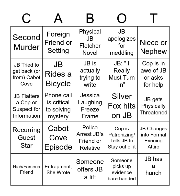 This bingo card has a free space and 24 words: Cabot Cove Episode, Entrapment, She Wrote, JB is actually trying to write, Rich/Famous Friend, Niece or Nephew, Second Murder, JB Tried to get back (or from) Cabot Cove, Foreign Friend or Setting, Silver Fox hits on JB, Police Arrest JB's Friend or Relative, JB: " I Really Must Turn In", JB Flatters a Cop or Suspect for Information, Cop is Patronizing/ Tells JB to Stay out of it, JB Changes into Formal Evening Attire, JB Rides a Bicycle, Someone picks up evidence bare handed, JB gets Physically Threatened, Physical JB Fletcher Novel, Cop is in awe of JB or asks for help, Phone call is critical to solving mystery, JB has a hunch, Recurring Guest Star, JB apologizes for meddling and Someone offers JB a lift.
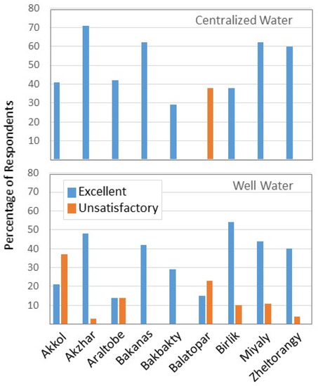A total of 737 individuals from the nine villages responded to surveys about water quality. Ratings from households with centralized water were segregated from those with access to only well water (Figure 3). Water quality was rated excellent by 29–71% of respondents with centralized water and just 14–54% of respondents with well water. Village by village comparisons of ratings of excellent confirm that in six of these eight settlements, the percentage of respondents satisfied with centralized water was higher than the percentage satisfied with well water. The two exceptions to this pattern are Bakbakty, where 29% of respondents in both classes of households rated their water as excellent, and Birlik, where 38% of respondents with centralized water and 54% of households with access only to wells rated their water as excellent.
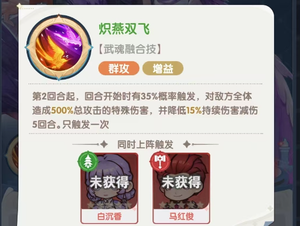 通过技能效果就可以看出,白沉香在实战中的定位,除了可以打出伤害之外,更重要的是恢复队友的魂力和提供一系列输出方面的加成,非常适合搭配强势的,敏攻或者是强攻系魂师使用。小编比较推荐的阵容是走灼烧流,也就是选择千道流、马红俊、白沉香、柳二龙和奥斯卡一起搭配起来。其中马红俊和白沉香可以触发融合技,在第二回合起就有几率触发,对敌方全体造成高额伤害,并且降低对方对持续伤害的减伤,持续五回合。马红俊本身就是非常强势的强攻系魂师,配合上柳二龙,在白沉香和奥斯卡的辅助下,能够打出极高的伤害,千道流在前排扛伤害,整个阵容非常稳定。
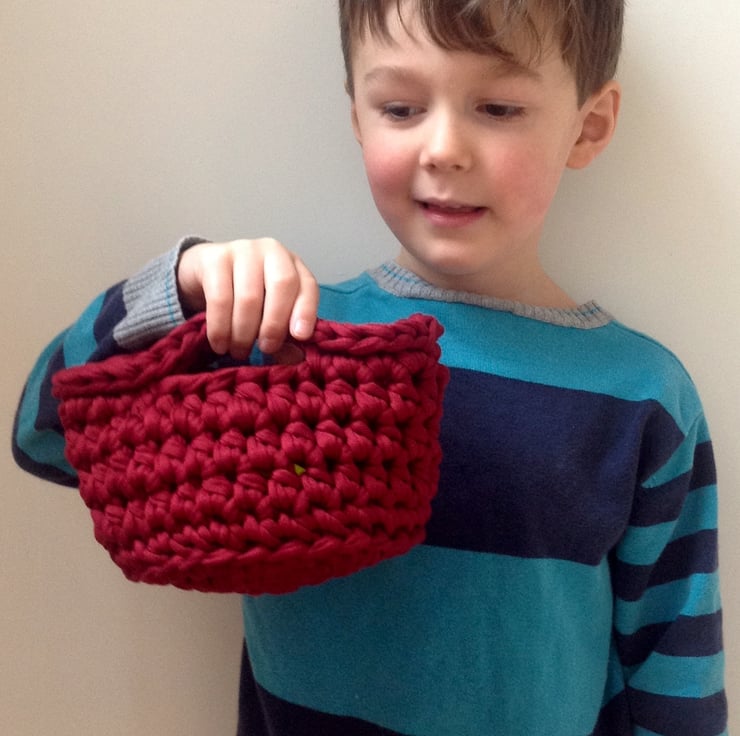 Keep all those small toys neat and tidy in a chunky crochet basket.
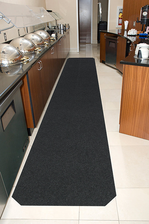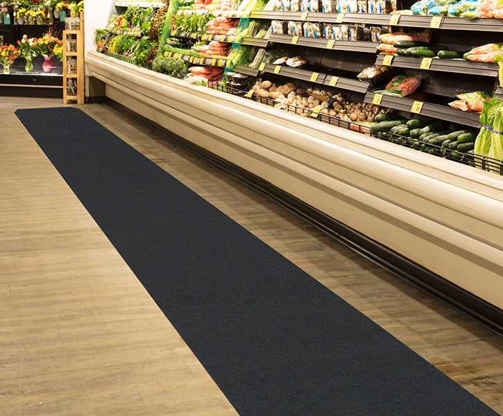 - Stays in Place - Tacki-BackTM adhesive keeps mat flat and in place, even with heavy cart and buggy traffic
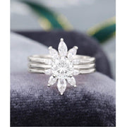 3PCS FLOWER SHAPE ROSE GOLD MILGRAIN MARQUISE WEDDING BRIDAL MOISSANITE RING SET
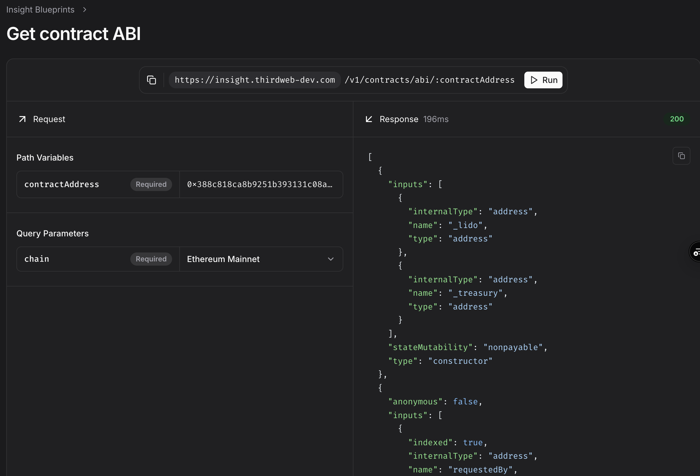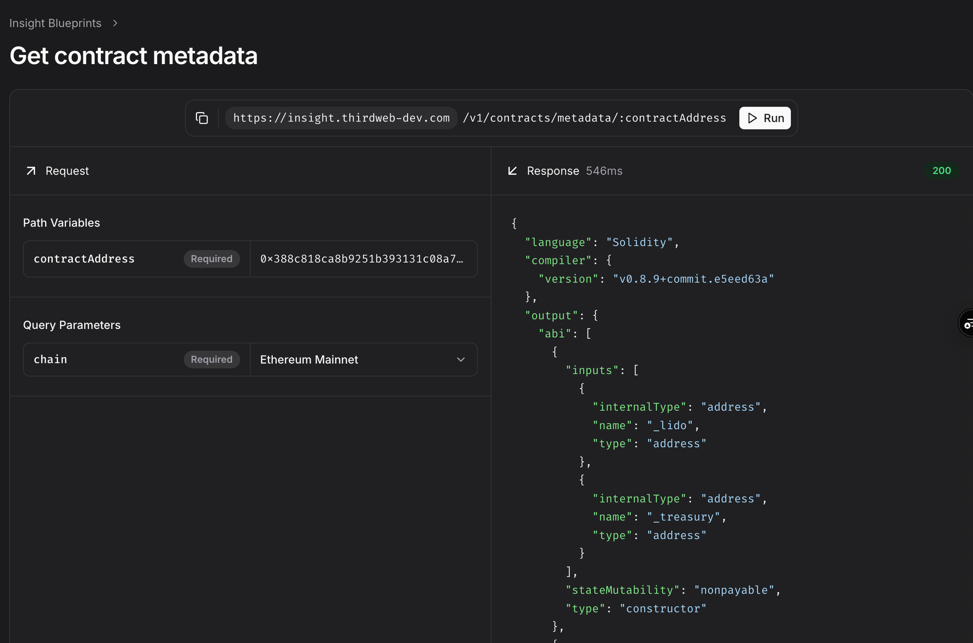 The Insights API now supports querying contract metadata and ABIs. Powered by our contract indexing and verification backend, developers can now access verified contract metadata and ABIs for all supported chains directly within Insights. This eliminates the need to interact with block explorers and third party source code verifiers to get contract metadata and ABIs.
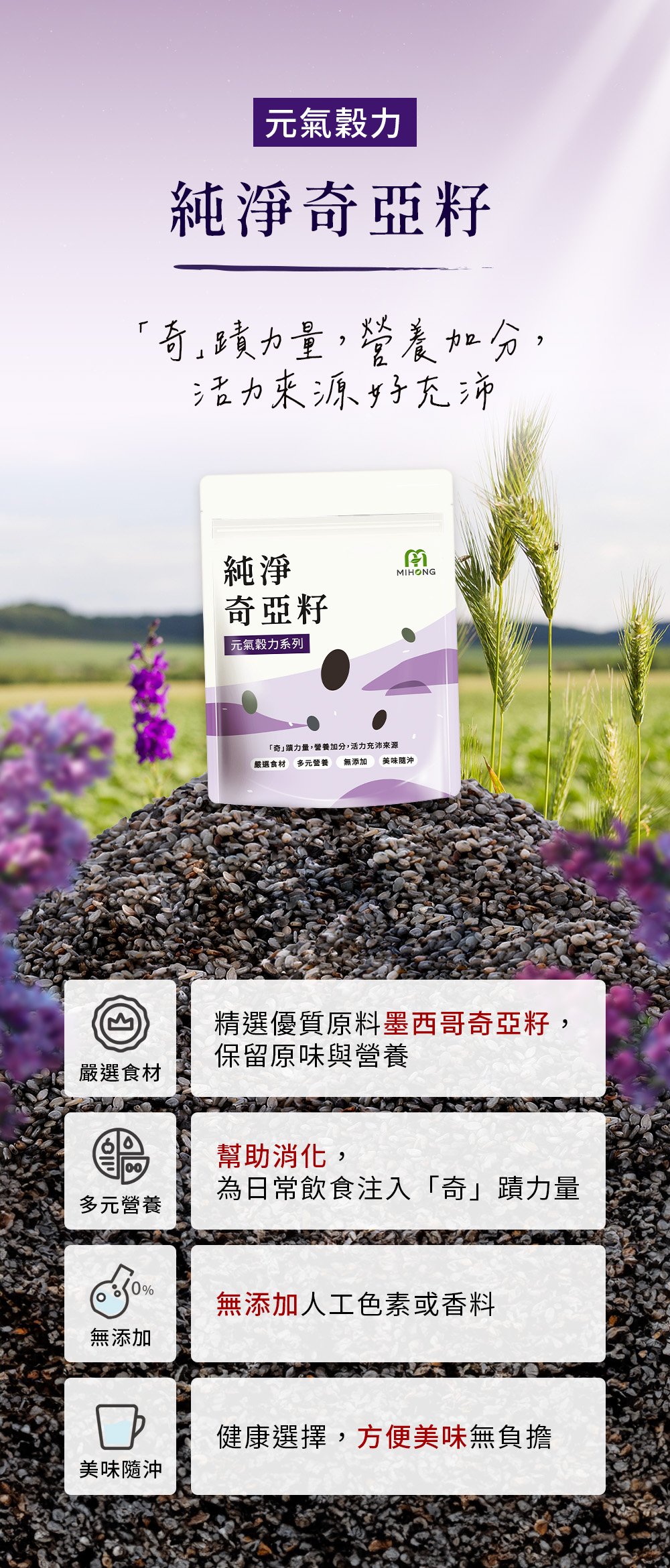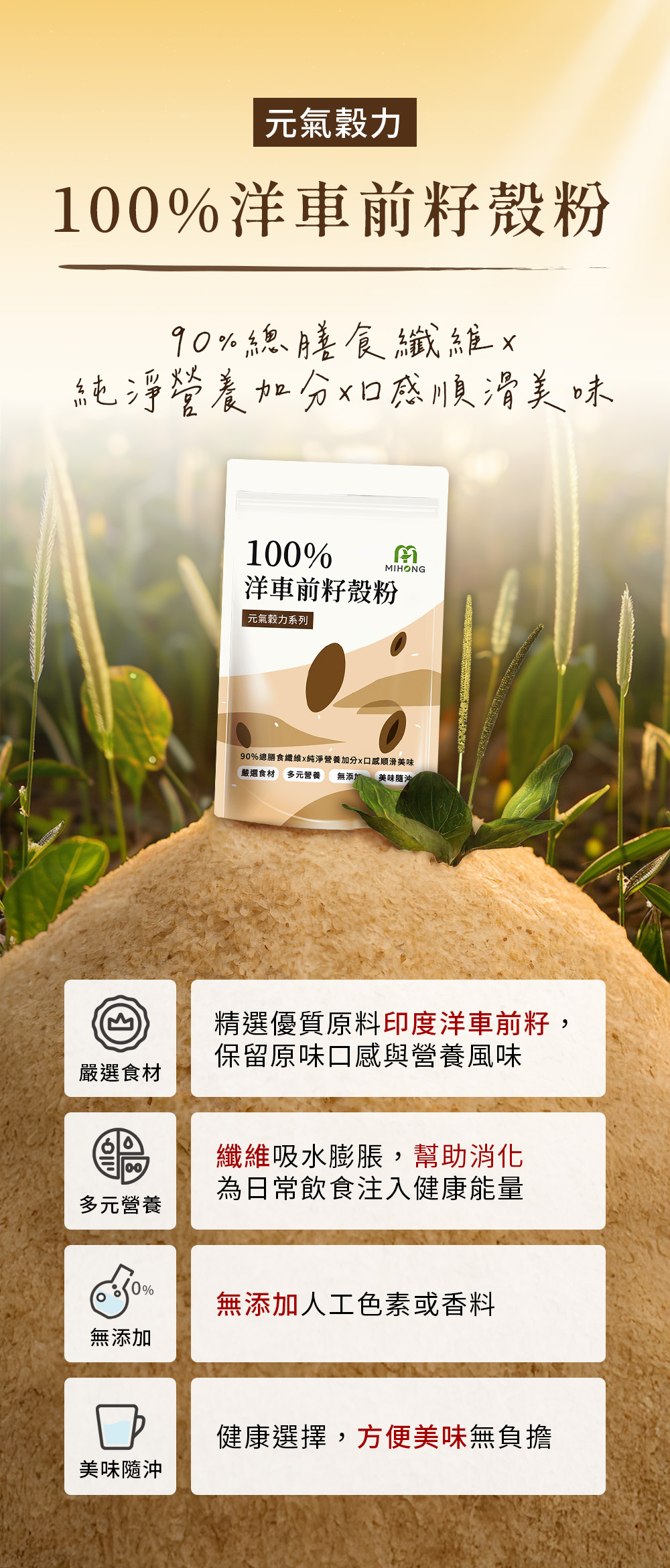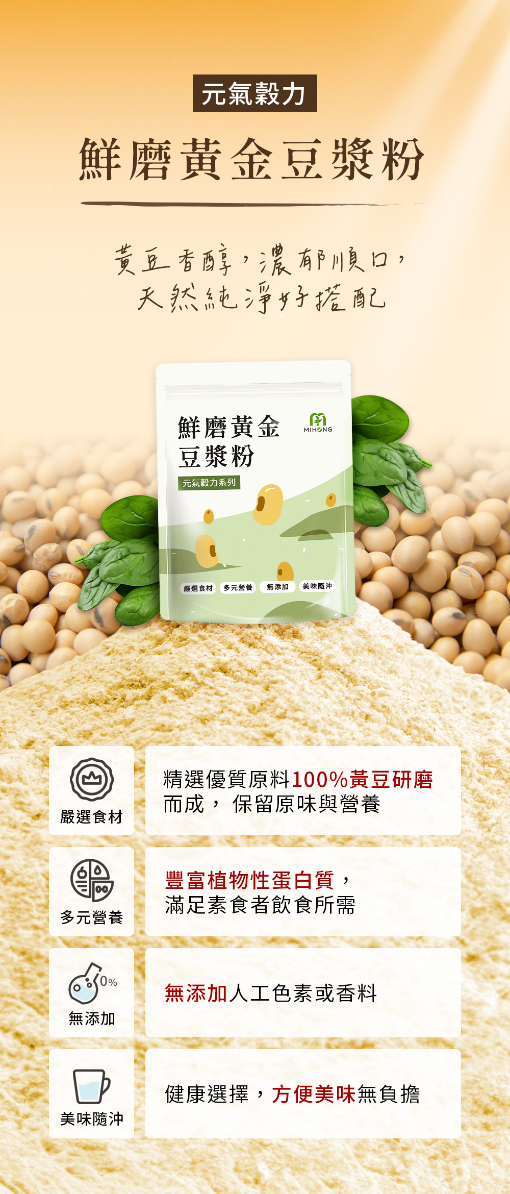 MIHONG®元氣穀力系列:主打嚴選食材、多元營養、無添加、美味隨沖,讓你在喝美味百卡小農飲時不無聊,能夠隨心自在搭配不同的顆粒感榖物,除了美味口感加倍以外,更能夠一次攝取到更多元的健康元素。
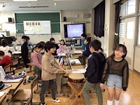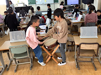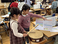 2年1組音楽の授業の様子です。「おまつり音楽」という単元で、「おまつりの音楽をつくろう」というテーマの下、太鼓を使って、お祭りのリズムに親しんでいました。一人一人が考えたリズムを、グループ内の違う友達が演奏し、さまざまなリズムを楽しんでいました。日本の楽器に触れられるよい機会になりました。
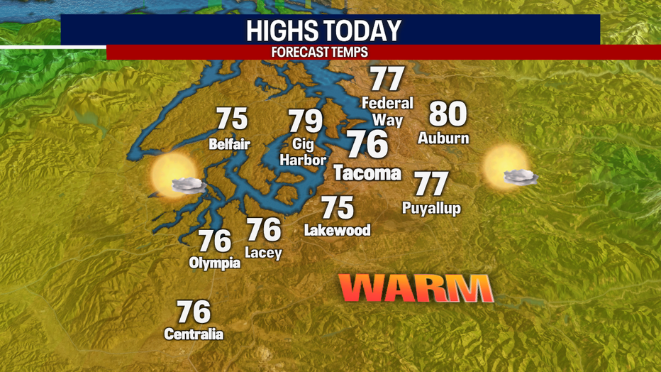 Building high pressure will give temperatures a boost around Western Washington; highs will soar to the 80s Tuesday and Wednesday. On an almost daily basis, morning clouds will be followed by afternoon sunshine. Enjoy the glorious weather!
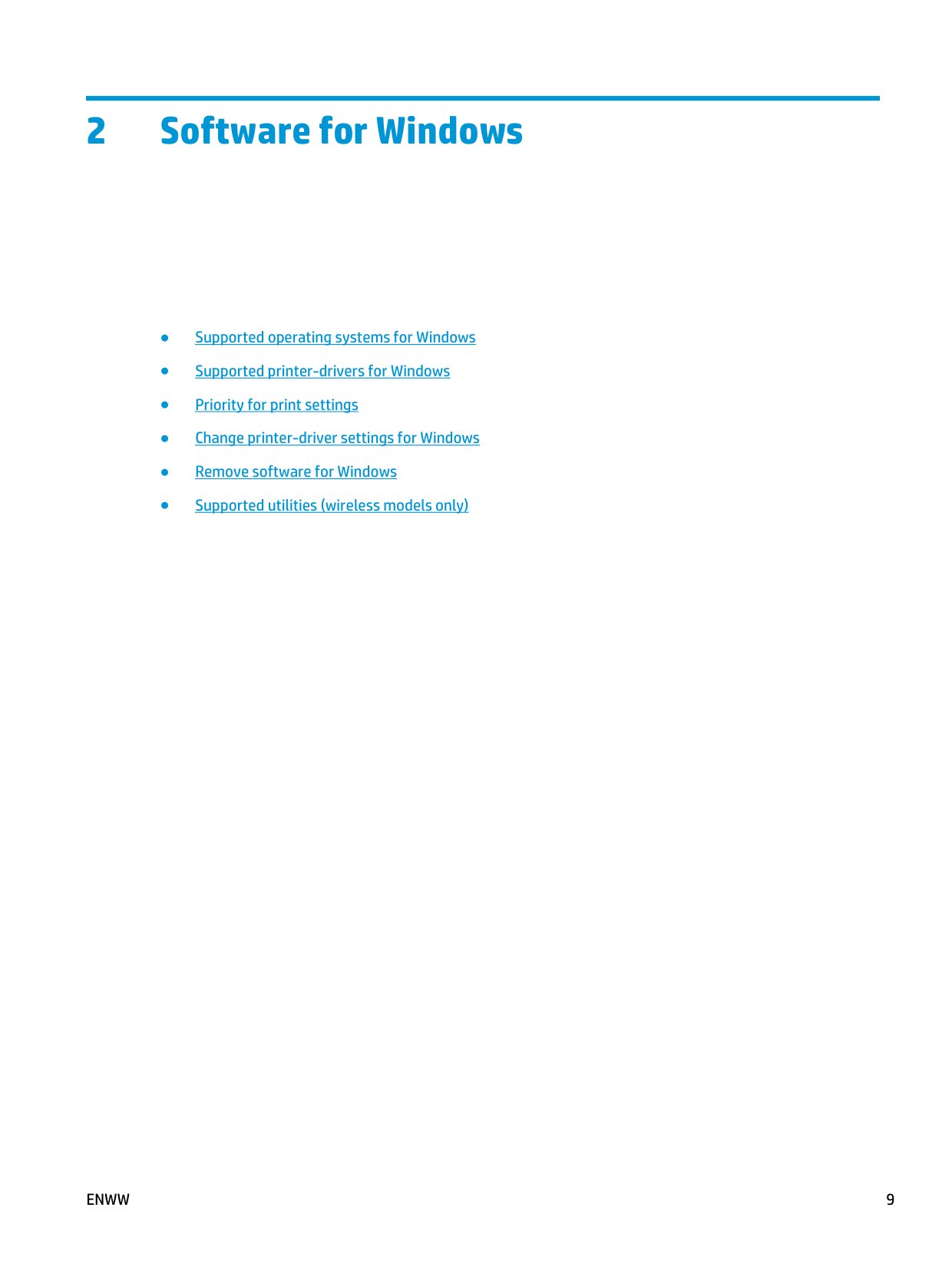 Product views 72 Software for Windows ● Supported operating systems for Windows ● Supported printer-drivers for Windows ● Priority for print settings ● Change printer-driver settings for Windows ● Remove software for Windows ● Supported utilities (wireless models only)
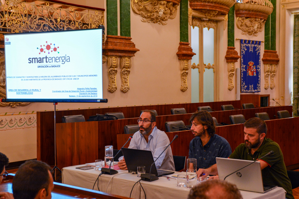 El Salón de Plenos de la Diputación de Badajoz ha sido testigo de la primera reunión de coordinación que ha llevado a cabo el Área de Desarrollo Rural y Sostenibilidad de la institución provincial con las empresas adjudicatarias de los expedientes 374/18 y 106/19 de licitación para el “Suministro y montaje para la mejora del alumbrado público de E.L.M. y municipios menores de 20.000 habitantes de la provincia de Badajoz”.

▸ **TASK REQUIREMENTS**
Copy out the listing word for word and skip its pictures.

▸ **SOLUTION TO THE PROBLEM**
 This bingo card has a free space and 24 words: Cabot Cove Episode, Entrapment, She Wrote, JB is actually trying to write, Rich/Famous Friend, Niece or Nephew, Second Murder, JB Tried to get back (or from) Cabot Cove, Foreign Friend or Setting, Silver Fox hits on JB, Police Arrest JB's Friend or Relative, JB: " I Really Must Turn In", JB Flatters a Cop or Suspect for Information, Cop is Patronizing/ Tells JB to Stay out of it, JB Changes into Formal Evening Attire, JB Rides a Bicycle, Someone picks up evidence bare handed, JB gets Physically Threatened, Physical JB Fletcher Novel, Cop is in awe of JB or asks for help, Phone call is critical to solving mystery, JB has a hunch, Recurring Guest Star, JB apologizes for meddling and Someone offers JB a lift.
A total of 737 individuals from the nine villages responded to surveys about water quality. Ratings from households with centralized water were segregated from those with access to only well water (Figure 3). Water quality was rated excellent by 29–71% of respondents with centralized water and just 14–54% of respondents with well water. Village by village comparisons of ratings of excellent confirm that in six of these eight settlements, the percentage of respondents satisfied with centralized water was higher than the percentage satisfied with well water. The two exceptions to this pattern are Bakbakty, where 29% of respondents in both classes of households rated their water as excellent, and Birlik, where 38% of respondents with centralized water and 54% of households with access only to wells rated their water as excellent.
 通过技能效果就可以看出,白沉香在实战中的定位,除了可以打出伤害之外,更重要的是恢复队友的魂力和提供一系列输出方面的加成,非常适合搭配强势的,敏攻或者是强攻系魂师使用。小编比较推荐的阵容是走灼烧流,也就是选择千道流、马红俊、白沉香、柳二龙和奥斯卡一起搭配起来。其中马红俊和白沉香可以触发融合技,在第二回合起就有几率触发,对敌方全体造成高额伤害,并且降低对方对持续伤害的减伤,持续五回合。马红俊本身就是非常强势的强攻系魂师,配合上柳二龙,在白沉香和奥斯卡的辅助下,能够打出极高的伤害,千道流在前排扛伤害,整个阵容非常稳定。
 Keep all those small toys neat and tidy in a chunky crochet basket.
 - Stays in Place - Tacki-BackTM adhesive keeps mat flat and in place, even with heavy cart and buggy traffic
 3PCS FLOWER SHAPE ROSE GOLD MILGRAIN MARQUISE WEDDING BRIDAL MOISSANITE RING SET
 The Insights API now supports querying contract metadata and ABIs. Powered by our contract indexing and verification backend, developers can now access verified contract metadata and ABIs for all supported chains directly within Insights. This eliminates the need to interact with block explorers and third party source code verifiers to get contract metadata and ABIs.
 MIHONG®元氣穀力系列:主打嚴選食材、多元營養、無添加、美味隨沖,讓你在喝美味百卡小農飲時不無聊,能夠隨心自在搭配不同的顆粒感榖物,除了美味口感加倍以外,更能夠一次攝取到更多元的健康元素。
 2年1組音楽の授業の様子です。「おまつり音楽」という単元で、「おまつりの音楽をつくろう」というテーマの下、太鼓を使って、お祭りのリズムに親しんでいました。一人一人が考えたリズムを、グループ内の違う友達が演奏し、さまざまなリズムを楽しんでいました。日本の楽器に触れられるよい機会になりました。
 Building high pressure will give temperatures a boost around Western Washington; highs will soar to the 80s Tuesday and Wednesday. On an almost daily basis, morning clouds will be followed by afternoon sunshine. Enjoy the glorious weather!
 Product views 72 Software for Windows ● Supported operating systems for Windows ● Supported printer-drivers for Windows ● Priority for print settings ● Change printer-driver settings for Windows ● Remove software for Windows ● Supported utilities (wireless models only)
 El Salón de Plenos de la Diputación de Badajoz ha sido testigo de la primera reunión de coordinación que ha llevado a cabo el Área de Desarrollo Rural y Sostenibilidad de la institución provincial con las empresas adjudicatarias de los expedientes 374/18 y 106/19 de licitación para el “Suministro y montaje para la mejora del alumbrado público de E.L.M. y municipios menores de 20.000 habitantes de la provincia de Badajoz”.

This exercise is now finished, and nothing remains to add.